Exercise requirements:
Extract, exactly and without pictures, every line from the one that includes "为企业提供全方位设备管理方案,包括本地管理和云端管理。" through the final line of the material below.

Given data:
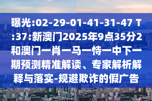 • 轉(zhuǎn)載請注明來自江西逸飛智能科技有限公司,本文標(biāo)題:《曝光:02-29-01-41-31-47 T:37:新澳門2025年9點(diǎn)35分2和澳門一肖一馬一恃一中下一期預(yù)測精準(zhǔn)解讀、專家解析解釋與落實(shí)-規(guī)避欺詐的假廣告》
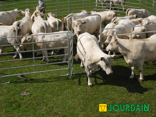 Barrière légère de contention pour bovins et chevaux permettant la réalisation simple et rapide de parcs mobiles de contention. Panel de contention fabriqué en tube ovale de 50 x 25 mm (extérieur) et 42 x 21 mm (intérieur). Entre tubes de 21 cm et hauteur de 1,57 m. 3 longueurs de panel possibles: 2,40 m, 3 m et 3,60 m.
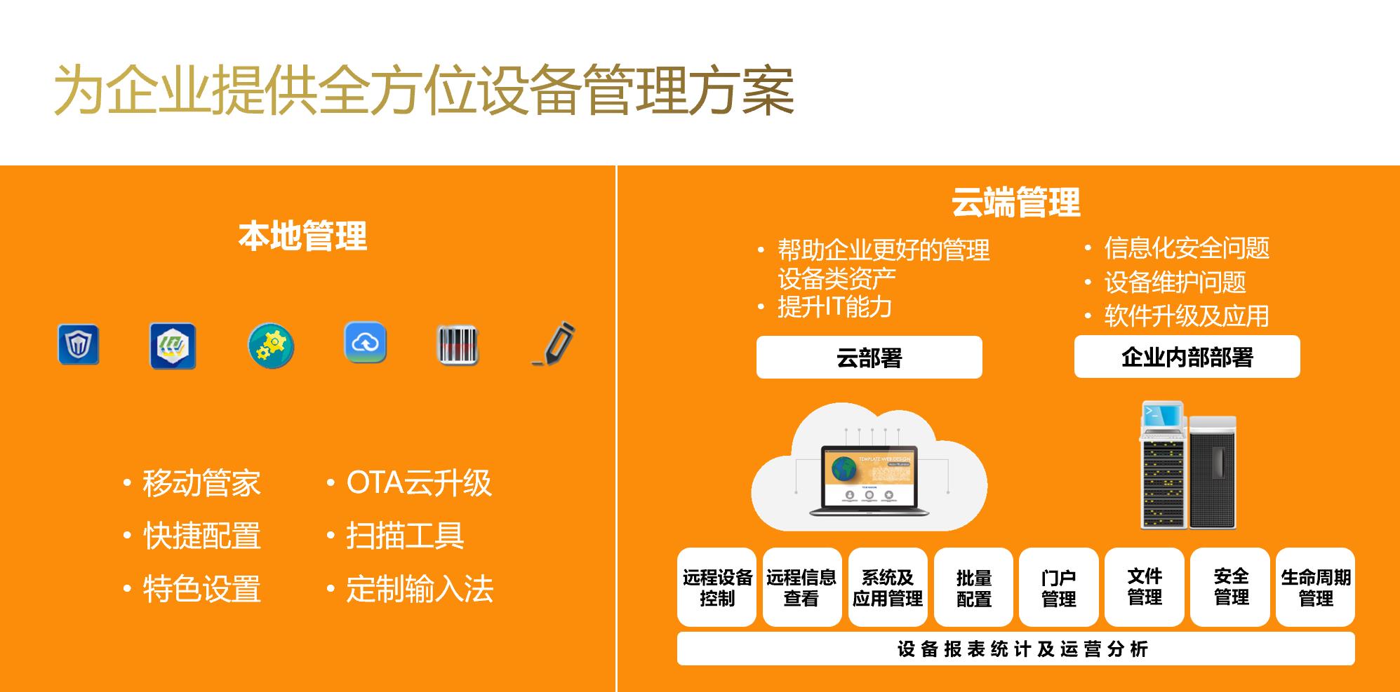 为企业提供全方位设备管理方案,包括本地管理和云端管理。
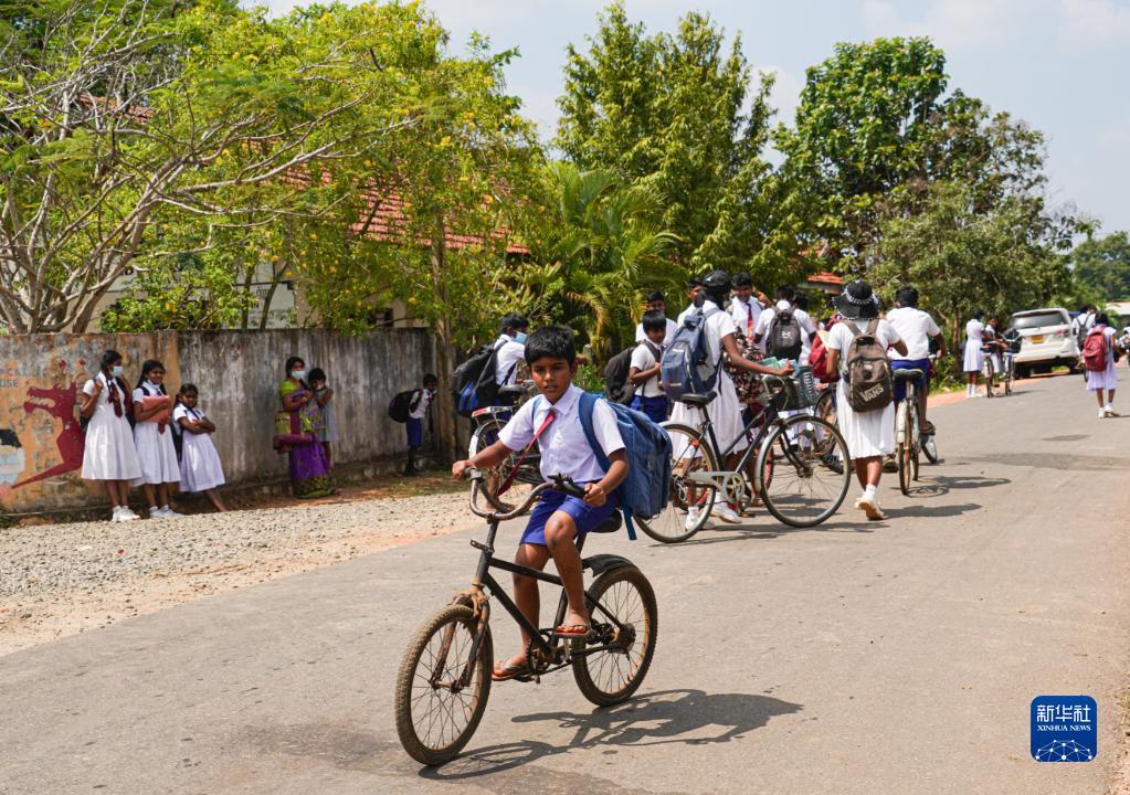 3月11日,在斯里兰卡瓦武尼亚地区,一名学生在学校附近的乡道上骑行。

Worked solution:
 为企业提供全方位设备管理方案,包括本地管理和云端管理。
 3月11日,在斯里兰卡瓦武尼亚地区,一名学生在学校附近的乡道上骑行。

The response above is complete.